このようにペアローンを組むべきか検討する際、しっかりリスクについては検討していただきたいと思います。
「二人で返せれば借りられるの?ラッキー。」とは行かないということです。
どんなに良い夫、妻でも突然病気(団信の適用対象外の)になってしまうことはあります。
会社が倒産してしまうこともあります。
相手のせいではない場合であれば、自分も一緒に自己破産をすることに抵抗はないかもしれません。

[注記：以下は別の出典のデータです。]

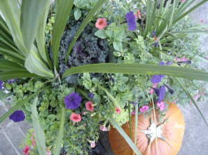 Once upon a time – say a very few days ago – this pumpkin had the most glorious stalk. I wish I had photographed it then. Her highness – Gretel – decided to play with it and carried it off by afore mentioned stalk. I suppose it made a great handle for a little while. We followed the shreds to the forest, where her teeth slid through the stalk time and again as the weight of the pumpkin pulled it downward. Oh well, at least she had a little fun with it.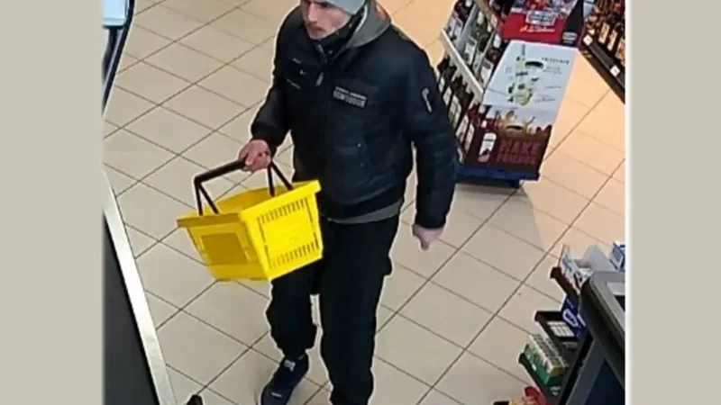 Na opublikowanych zdjęciach widać mężczyznę z koszykiem na zakupy, który pozornie zachowuje się jak zwykły klient. To właśnie takie pozornie niewinne zachowanie miało zmylić pracowników sklepu i umożliwić sprawcom bezproblemowe wyniesienie towaru.
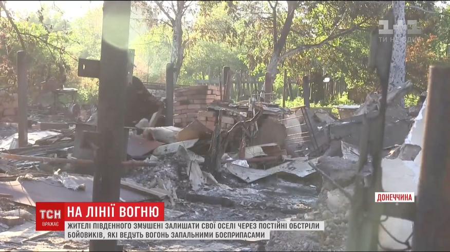 Поки військові розміновують територію довкола села Південне, люди тікають з зони бойових дій. Налякані постійними обстрілами жителі Піденного, яке нещодавно звільнили наші воїни, бояться далі лишатись у селі. Бойовики навмисне цілять по будинках запальними боєприпасами й палять усе довкола, сіючи паніку і страх.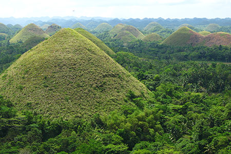 There are more than one thousand hills in this region, and they all have an almost perfect conical shape. They were originally formed when the area was under water. After many years of erosion, they became round.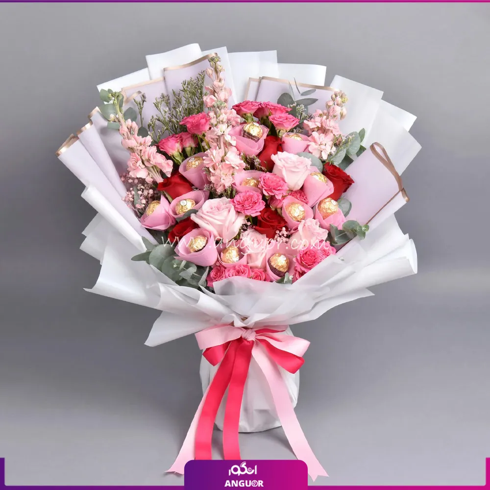 ترکیب این 2 گل در کنار شکلاتهای خوشمزه، دسته گلی رؤیایی خلق میکند که هر کسی با دیدنش غافلگیر خواهد شد.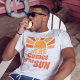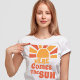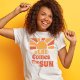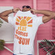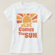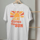 Camiseta 70s retrô Vintage pôr do sol Aqui vem o sol verão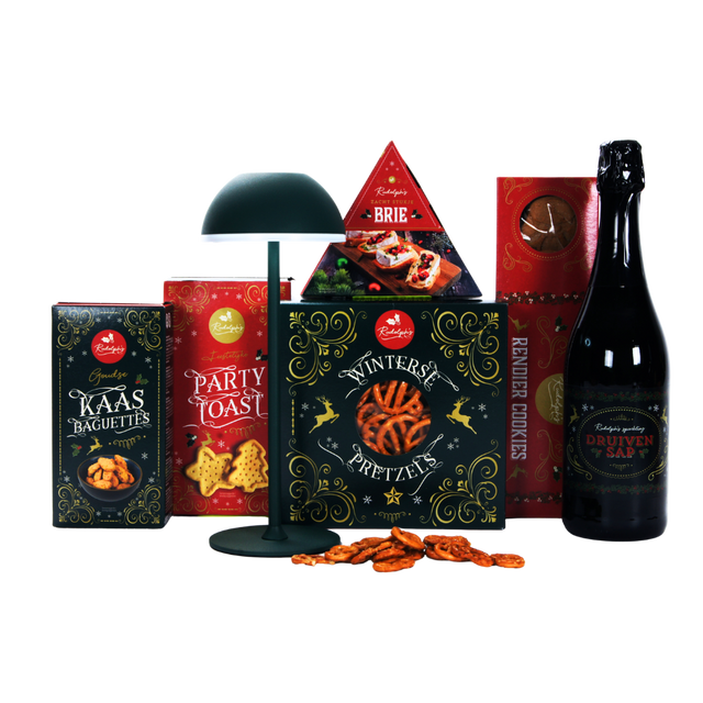 De borreltafel wordt compleet met knapperige Rudolph cookies, romige brie, luchtige party toast, hartige Goudse kaas baguettes en goudbruin gebakken winter pretzels. Een kerstpakket dat uitnodigt om samen te genieten, proosten en herinneringen te maken.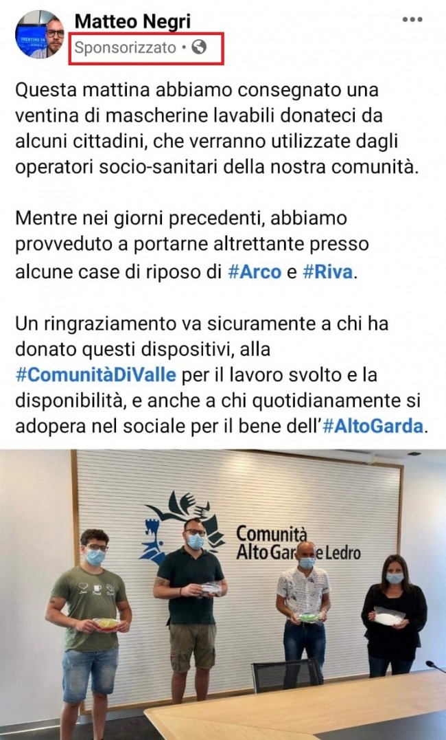 In particolare al momento della foto era presente il referente locale dei fascisti del terzo millennio, Matteo Negri, in posa al fianco di Pedergnana, che a suo tempo era finito nell’occhio del ciclone per delle foto che lo ritraevano mentre baciava una foto del duce e si esibiva in un saluto romano (QUI articolo). Ad ogni modo, il vicepresidente della comunità di Valle ha precisato: “Ci hanno chiesto se la Comunità avesse necessità di mascherine da destinare alle Rsa. Abbiamo accolto volentieri questo piccolo gesto positivo da parte di ragazzi che si sono messi semplicemente a disposizione. Non c’è bisogno di fare polemiche in questo momento”. Eppure, il gesto dei militanti di estrema destra forse non è del tutto disinteressato visto che nei giorni scorsi hanno diffuso un comunicato stampa dal titolo piuttosto eloquente: “Casapound dona mascherine sanitarie alla Comunità di Valle”. Non pago della visibilità ottenuta su alcuni quotidiani locali Negri si è preoccupato anche di sponsorizzare, con un post a pagamento su Facebook, il gesto “disinteressato”, provocando la reazione dei gruppi politici di maggioranza (la stessa di Pedergnana, benché sia fuoriuscito da tempo dal Patt).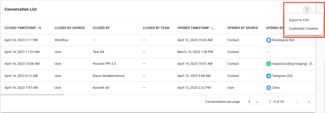 Click the 3 dots icon next to a list of data to export the list to a CSV file. You may also choose to display or hide columns to view only details that are relevant to you. Your selections will not affect the viewing of other users.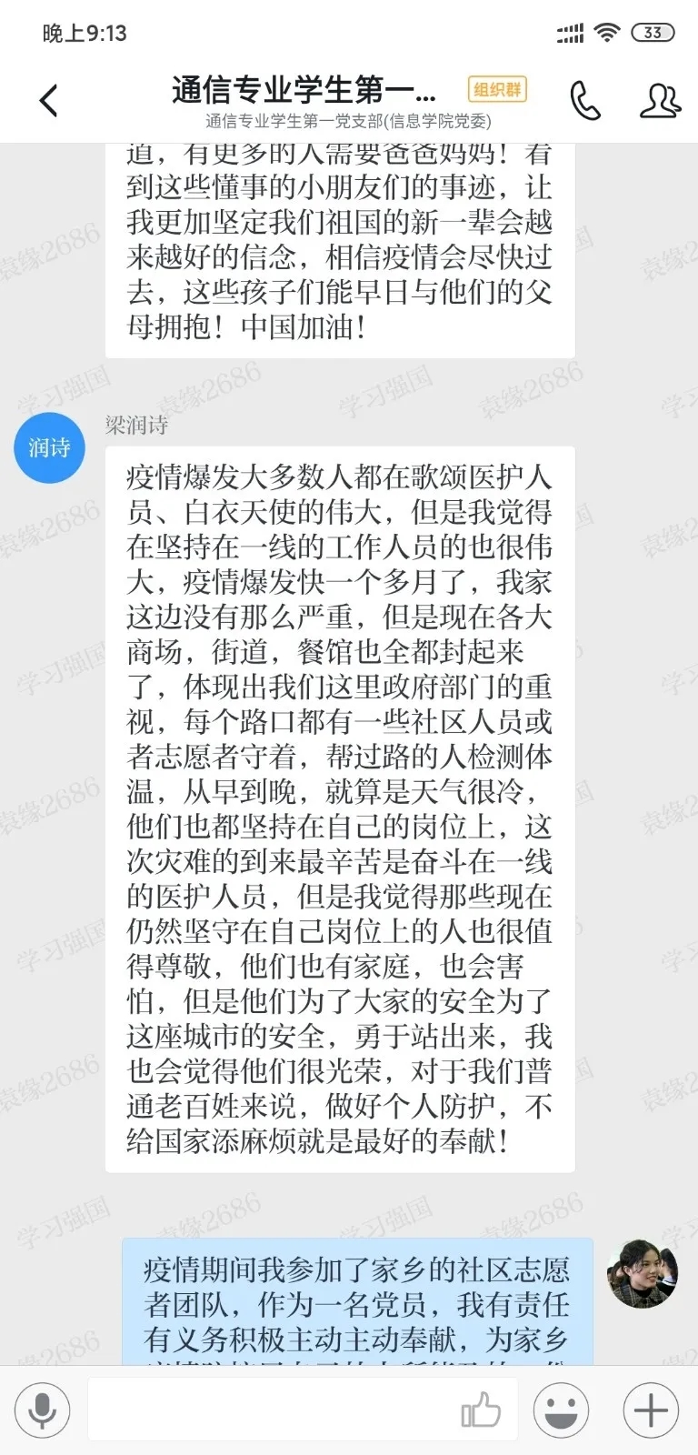 2月20日晚8点,马利国老师和通信专业学生第一党支部全体党员在学习强国平台召开了会议。会议上,马老师首先解读了学校的相关文件政策,跟同学们再次明确了不要提前返校和做好网课上课准备,及时健康打卡做好信息填报。马老师接着对现阶段的浙江省和中国的疫情防控作了概括,希望大家充满信心,向一线医护人员和所有逆行者致敬,做好自己份内事。最后马老师讲了个人感受,一个是中国虽然遭受疫情,但是全国人民团结一致,共克时艰,体现了我党坚强的领导、我国优越的政治制度和团结一心的中华民族精神;每个同学要力所能及做好自己的事情。最后提醒大家做好防护,加强锻炼,提高免疫力。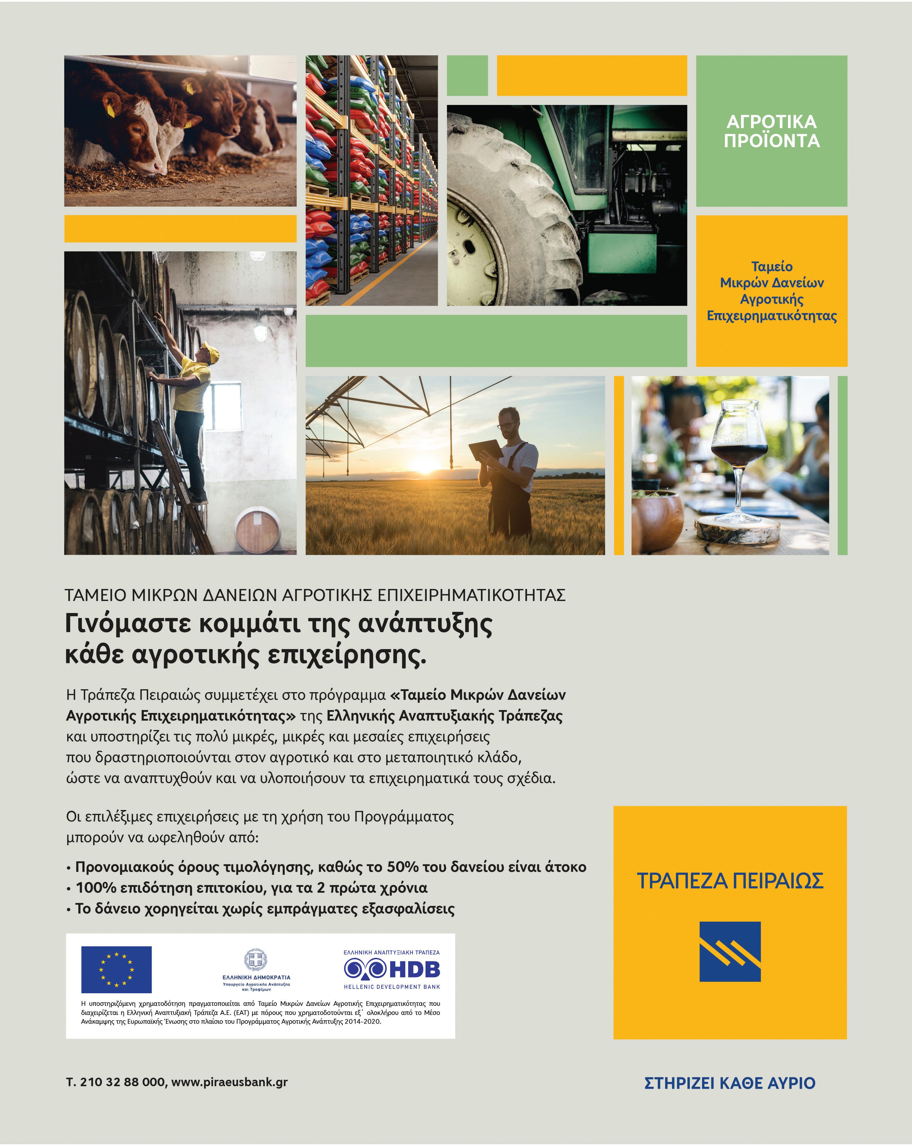 ΣABBATO: † Ζακχαίου Απ., Θεοδώρου Τριχινά Μήνας 4ος, Εβδ. 16η ΗΛΙΟΣ: Ανατολή 06:42 - ∆ύση 20:05 ΣΕΛΗΝΗ: 12 ηµερών ΚΑΙΡΟΣ: Άστατος Αγορά ελαιολάδου Αύξηση κατανάλωσης κρατάει τις τιμές σελ. 36 Μπρέσια και Βερόνα Πολιτιστικό αγαθό ο οίνος στον κόσμο σελ. 38 Σχέδια Βελτίωσης Η επιδότηση επιτοκίου στην τελική ευθεία σελ. 19 Πληρωμές Πόσο νωρίς ήρθε Πάσχα; ΡΕΠΟΡΤΑΖ σελ. 6, 10, 49 Σκληρό σιτάρι Καινούργια κέρδη έγραψε η Φότζια 355 ευρώ ο τόνος ΕΜΠΟΡΕΥΜΑΤΑ σελ. 12, 22, 35 Τιµολόγια ΓΑΙΑ Εντός διμήνου οι συμβάσεις με τους αγρότες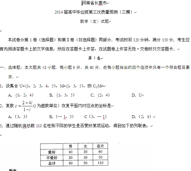河南省郑州市2014届高三第三次质量预测(数学文)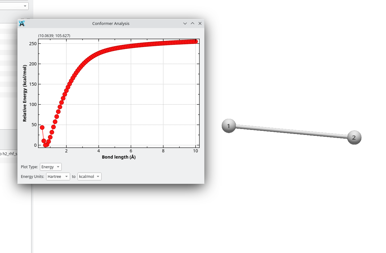 Thanks for this feature, really useful! Another improvement may be to set the X-axis value to other properties of the structure, such as a given bond/angle/dihedral (e.g., the one selected on the properties dialog when opening the conformer data dialog). This would unlock the possibility to show relaxed scans (e.g, by opening the allxyz file from an Orca relaxed scan run).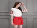 2016夏裝新款網紗拼接貼畫上衣+收腰闊腿短褲套裝 /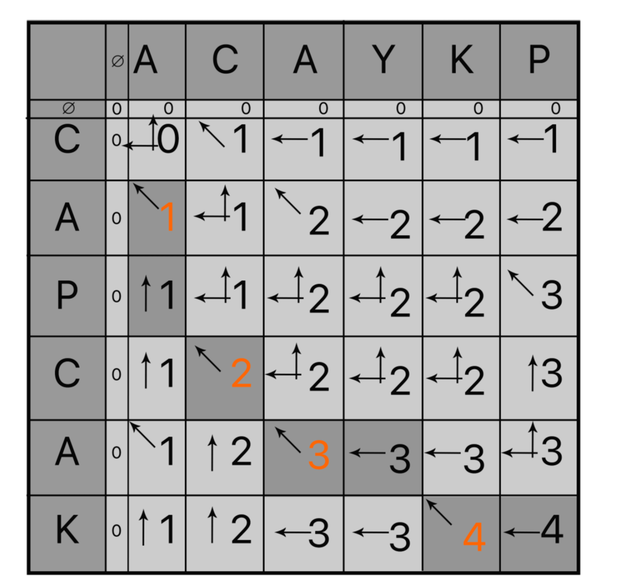 예로들어 그림에서 (0, 1)을 보자. 이 인덱스는 {C}, {A, C}의 LCS길이를 의미하는 것이고 이는 {C}로 길이는 1이다.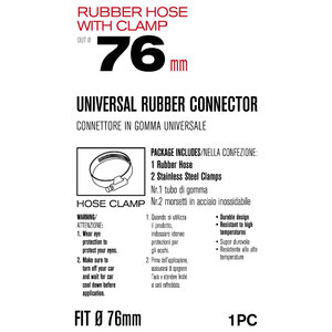 Connettore in gomma universale. Super durevole. Resistente alle alte temperature. La confezione include: 1 tubo di gomma, 2 morsetti in acciaio inossidabile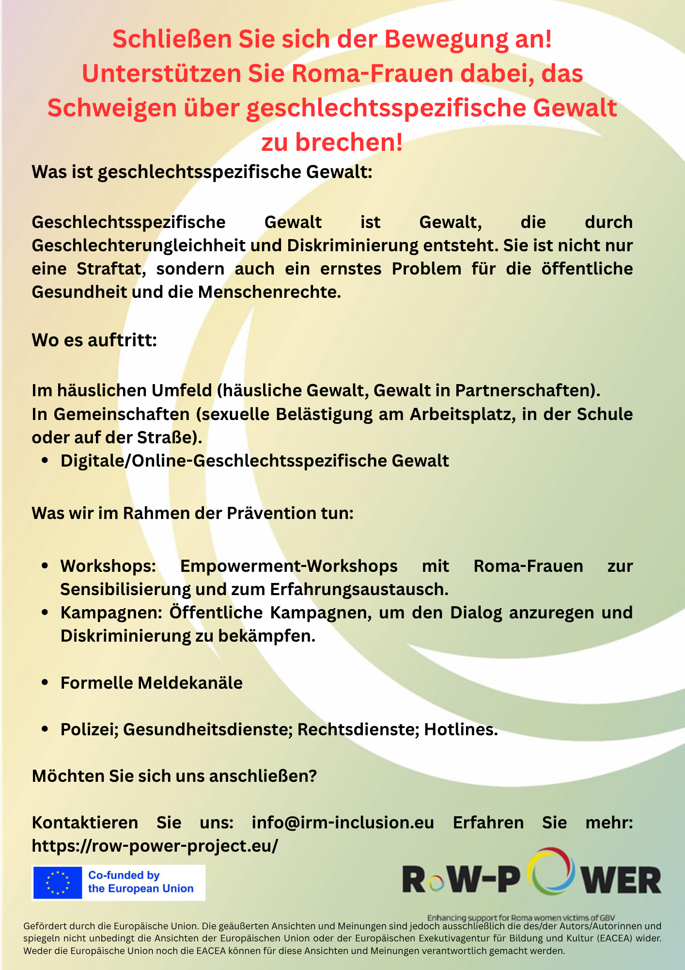 Das Projekt RoW-Power zielt darauf ab, die Fähigkeiten und Kapazitäten von Roma-Mediatoren und Fachleuten für geschlechtsspezifische Gewalt (GBV) zu verbessern. Das RoW-Power-Projekt besteht aus einem Team von sieben Organisationen aus Deutschland, Griechenland, Nordmazedonien, Spanien, Rumänien, der Slowakei und Irland. Das Projekt, das vom Erasmus+ Programm der Europäischen Union kofinanziert wird, begann im September 2023 und hat eine Laufzeit von 24 Monaten, die im August 2025 endet. Zu unseren Schwerpunkten gehören die Vermittlung von Roma-Frauen an geeignete GBV-Unterstützungsdienste, die Förderung des kulturellen Verständnisses, die Verbesserung der Unterstützungsdienste und die Verbesserung der Zusammenarbeit zwischen Fachleuten. Zu diesem Zweck bietet das RoW-Power-Projekt Leitlinien, ein Programm zum Aufbau von Kapazitäten und Sensibilisierungskampagnen für Fachkräfte, die innerhalb der Roma-Gemeinschaft eingesetzt werden. Auf diese Weise sollen Fachkräfte befähigt und positive Veränderungen im Leben von Roma-Frauen, die von GBV betroffen sind, herbeigeführt werden.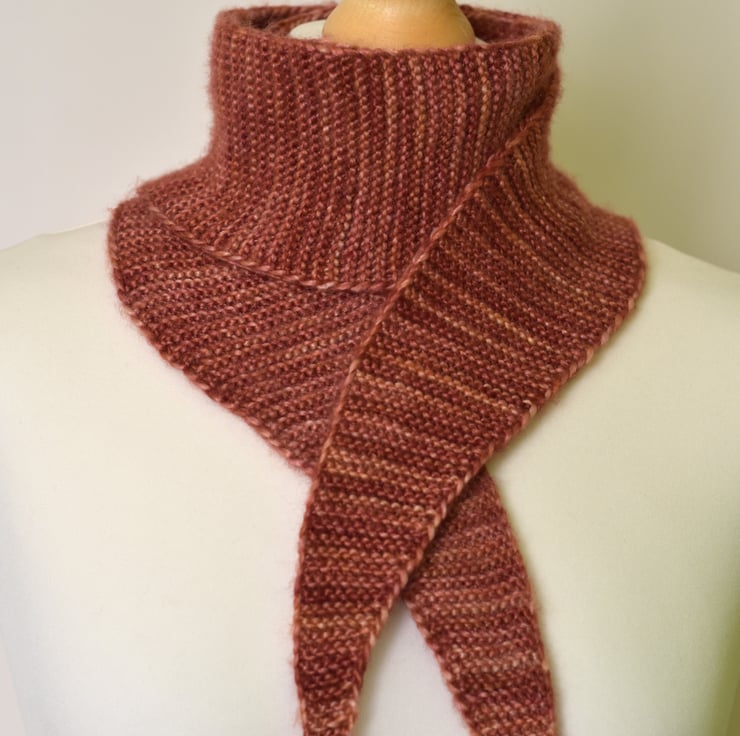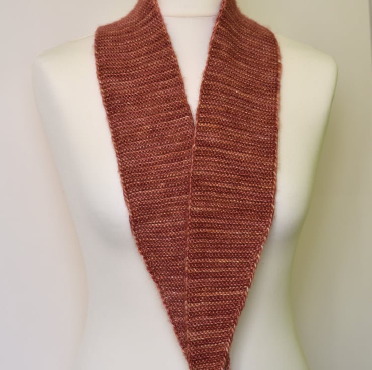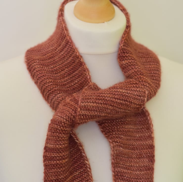 A beautifully soft and lightweight handmade scarflette, knitted from luxurious yarn - a blend of 51% silk and 49% merino wool. Carefully kettle-dyed in small batches, creating a beautiful terracotta tone.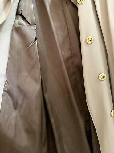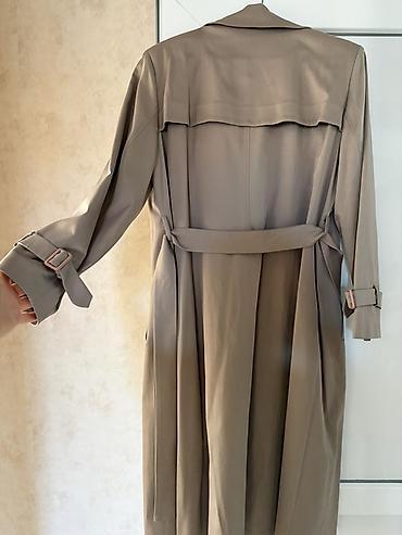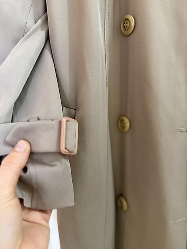 Plaş tezedi 48 razmer - Rəng: tünd göy, kontrast açıq bej detal və kəmər - Model: geniş V formalı üst yaxalıq, düyməli ön hissə - Kəmər: çıxarılan, eyni bej rəngdə - Uzunluq: orta (dizə yaxın) - Q...

でも、相手方の浮気や暴力が原因だったらあなたはどうしますか・・?
あなたが悪いんだから私のローンを何とかしてとは言えません(少なくとも法律上は)。
単独で組む住宅ローンでさえ、完済に至るまでには色々乗り越えなければなりません。
ペアローンは、借りられる金額は二倍になるかもしれませんが、返せなくなるリスクも二倍になるのです。
リスクも踏まえ、良く考えた上での決断であれば、結果も受け入れられると思います。
ペアローンが原因で実際に苦しんでいる人達を弁護してきた弁護士として、是非検討の一助として頂ければと思います。